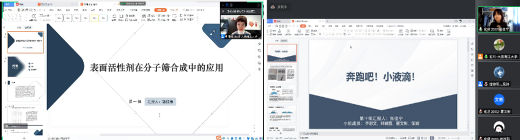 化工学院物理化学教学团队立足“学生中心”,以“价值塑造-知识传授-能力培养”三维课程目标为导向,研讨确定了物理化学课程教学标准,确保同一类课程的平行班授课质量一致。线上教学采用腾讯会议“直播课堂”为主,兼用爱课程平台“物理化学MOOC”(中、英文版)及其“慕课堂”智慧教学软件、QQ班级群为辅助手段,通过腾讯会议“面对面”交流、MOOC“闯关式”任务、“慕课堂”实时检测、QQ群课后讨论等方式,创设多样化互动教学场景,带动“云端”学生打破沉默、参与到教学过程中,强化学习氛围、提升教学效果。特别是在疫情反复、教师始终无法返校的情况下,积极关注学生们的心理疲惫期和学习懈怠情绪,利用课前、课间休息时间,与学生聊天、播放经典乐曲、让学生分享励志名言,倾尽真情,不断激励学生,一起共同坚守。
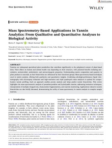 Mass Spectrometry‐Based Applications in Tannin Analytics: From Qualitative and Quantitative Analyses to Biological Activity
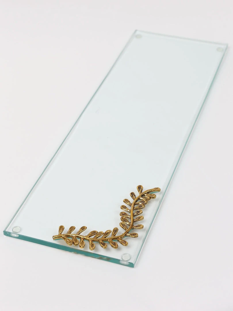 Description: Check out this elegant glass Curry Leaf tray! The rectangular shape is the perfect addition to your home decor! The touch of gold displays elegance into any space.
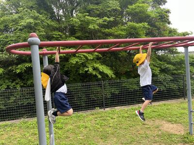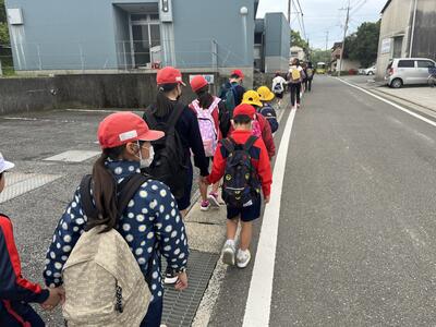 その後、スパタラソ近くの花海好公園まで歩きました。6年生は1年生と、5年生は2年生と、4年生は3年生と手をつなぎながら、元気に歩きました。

ACTIVITY. Copy the whole listing exactly, excluding the pictures in it.

EXERCISE RESULT.
 化工学院物理化学教学团队立足“学生中心”,以“价值塑造-知识传授-能力培养”三维课程目标为导向,研讨确定了物理化学课程教学标准,确保同一类课程的平行班授课质量一致。线上教学采用腾讯会议“直播课堂”为主,兼用爱课程平台“物理化学MOOC”(中、英文版)及其“慕课堂”智慧教学软件、QQ班级群为辅助手段,通过腾讯会议“面对面”交流、MOOC“闯关式”任务、“慕课堂”实时检测、QQ群课后讨论等方式,创设多样化互动教学场景,带动“云端”学生打破沉默、参与到教学过程中,强化学习氛围、提升教学效果。特别是在疫情反复、教师始终无法返校的情况下,积极关注学生们的心理疲惫期和学习懈怠情绪,利用课前、课间休息时间,与学生聊天、播放经典乐曲、让学生分享励志名言,倾尽真情,不断激励学生,一起共同坚守。
 Mass Spectrometry‐Based Applications in Tannin Analytics: From Qualitative and Quantitative Analyses to Biological Activity
 Description: Check out this elegant glass Curry Leaf tray! The rectangular shape is the perfect addition to your home decor! The touch of gold displays elegance into any space.
 その後、スパタラソ近くの花海好公園まで歩きました。6年生は1年生と、5年生は2年生と、4年生は3年生と手をつなぎながら、元気に歩きました。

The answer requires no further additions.